I have read here that technicaly you should shoot for 8.9% and below. Not sure if 9% has the same benifits as below 9%. I'll check the forums again and edit when I find the answer.
I've read that some will just carry $1 on certain cards and still get that 1% total util but ymmv.
Keep us posted. Hope it works for you.
How many points you get is really a large variable? First, what is your major bucket? Do you have any negatives or a thin file? You said your util was always low, but how low? What was both your card utilization ratio and total ratio before you paid this down? If you jump (drop) several categories, it will boost your score more than if you only jump (or go down) one.

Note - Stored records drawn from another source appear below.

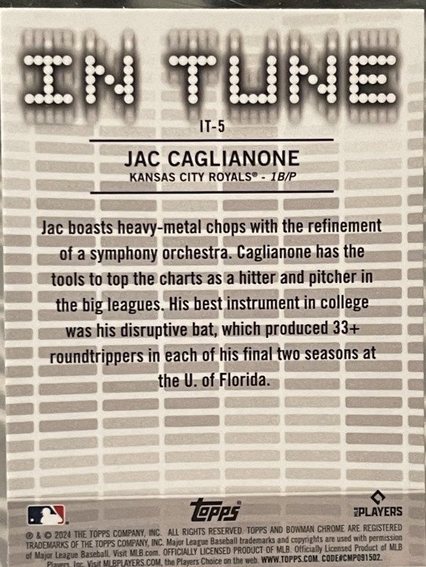 2024 Bowman Draft - In Tune Jac Caglianone #IT-5 (RC)
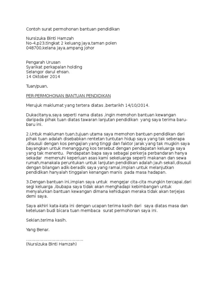 Surat Permohonan Bantuan Pendidikan Kepada Yb
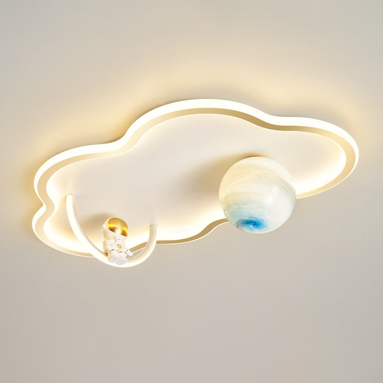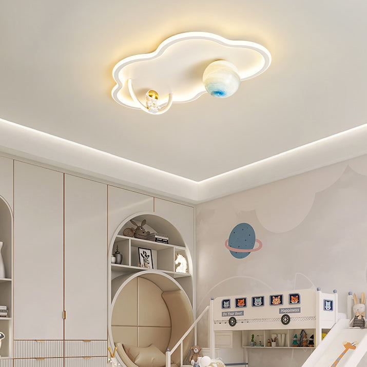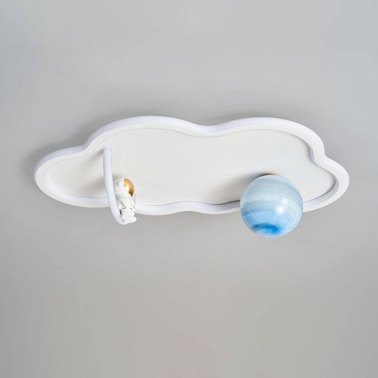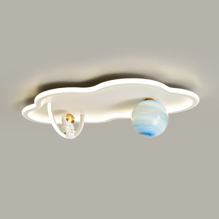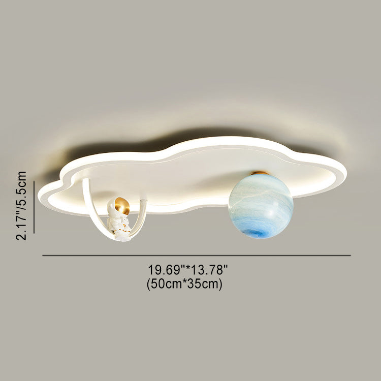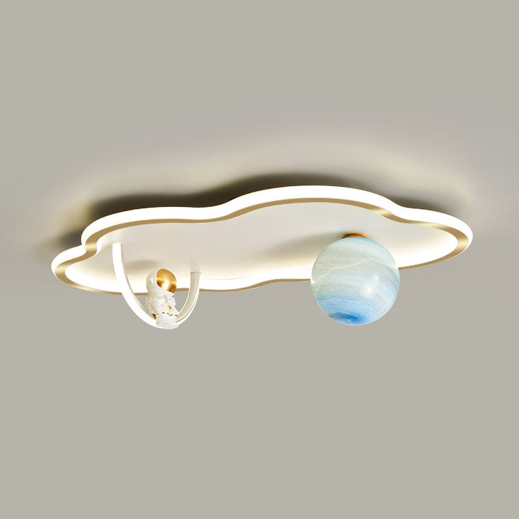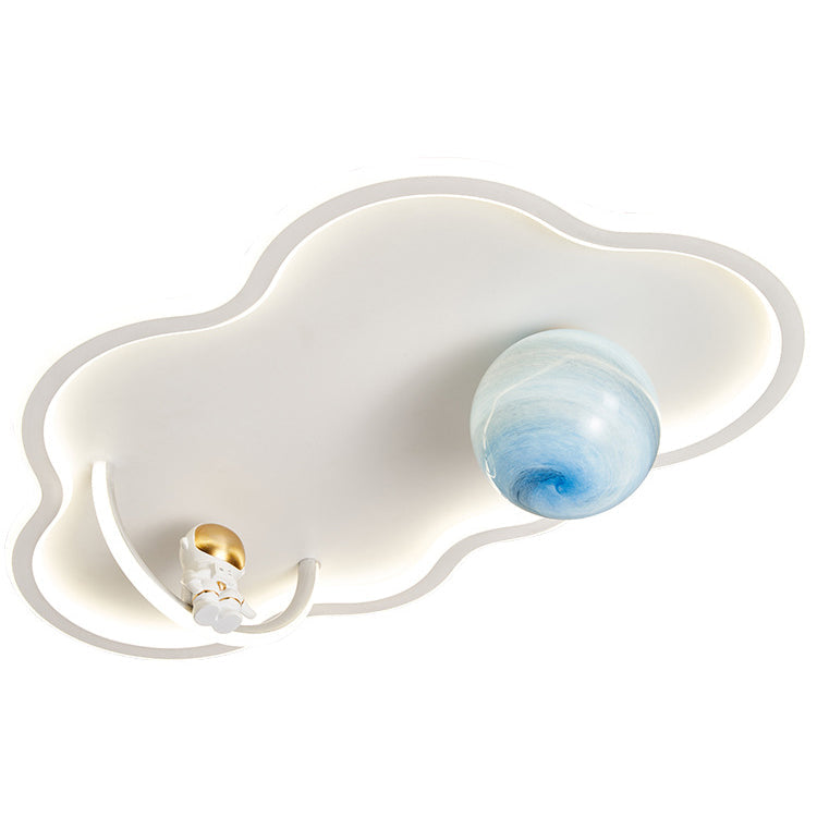 Modern Art Deco Astronaut Moon Round Cloud Silicone Aluminum Iron LED Flush Mount Ceiling Light For Bedroom
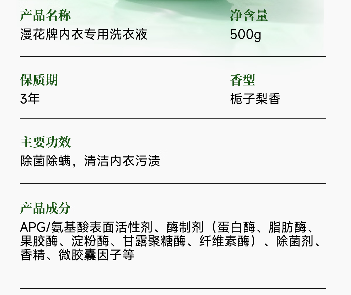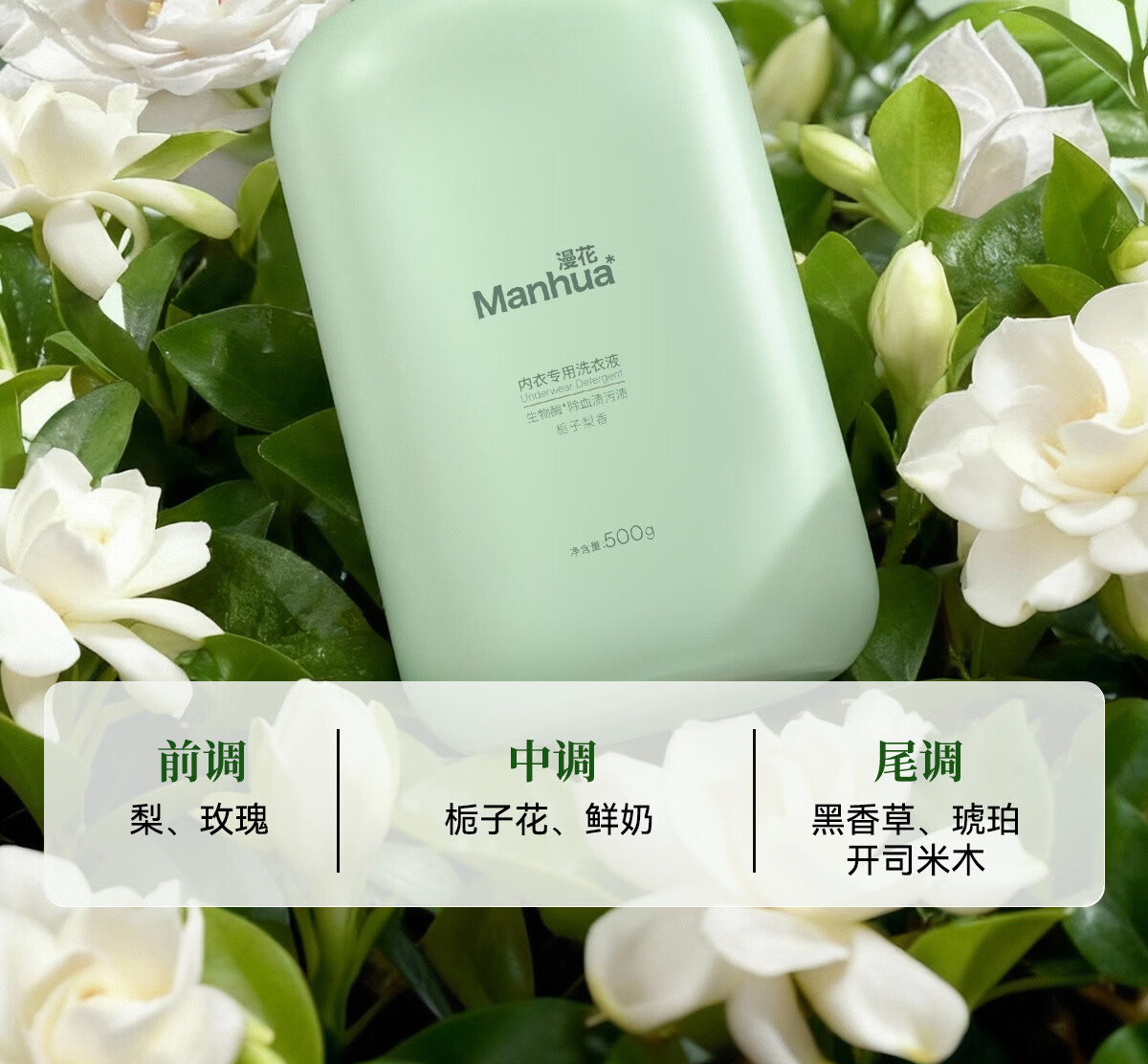 漫花内衣洗衣液持久留香深层洁净去污护色除菌去渍z 【栀子莉香】500g*1瓶

Will other facts change when you get your next report (inquiries falling off into the next lower set, or AAoA or LOC going up into the next set etc.)? The best way to get a ballpark picture of this is to check your myFICO 3B “scores” section. Scroll down to the FICO® SCORE 8 INGREDIENTS section toward the bottom for each CRA. Look at the 5 categories and see what they are (Exceptional, Good, Fair, etc.). Anything that is NOT Exceptional open it and see what you have. For example, if your LOC is good and you have 2 years 1 month, that will not change a score by going to 2 years 2 months; HOWEVER, if it is fair and you have 1 year 11 months, that will change your score and give you a boost next month. The later means your boost will not simply be because of your CC util going down, but also because your LOC went into the next subset.
Also, be aware your score could go DOWN. For example, did you close an account long ago and forgot about it. Maybe you paid off a mortgage, car or personal loan. If it crosses that 10 year mark all kinds of bells and whistles could go off (AAoA for one) if it were a good account. Also check on old, closed CCs.
You will see all kinds of values listed by the community for dropping below 8.9% and each is valid; but, you must consider whether the poster has considered all the nearly constantly changing variables that go into making a credit score and giving them the boost or drop. It is said that your score is nothing but a snapshot in time, and that is true. Why? Well think of taking a picture of a passing airplane on a cloudy, windy day. Not only will the airplane be in a different position seconds after you took the photo; but also the trees, clouds, and any other background scenery will be different after you snap that shot.
PS "IF it looks good to lenders, I'll take it anyway." What Lenders? The boost you get will, most likely, be different for each FICO score model you have.
Have your 2 new trade lines reported already? If they have, and your derogs are still there, and you were already below 8.9% individual card and total util; then you will probably see only a small bump. I hope I'm wrong and you get a nice big boost, but I don't think so. BTW, I did not see if where your scores were now. All parameters the same, generally the lower they are, the better the boost (but not by too much).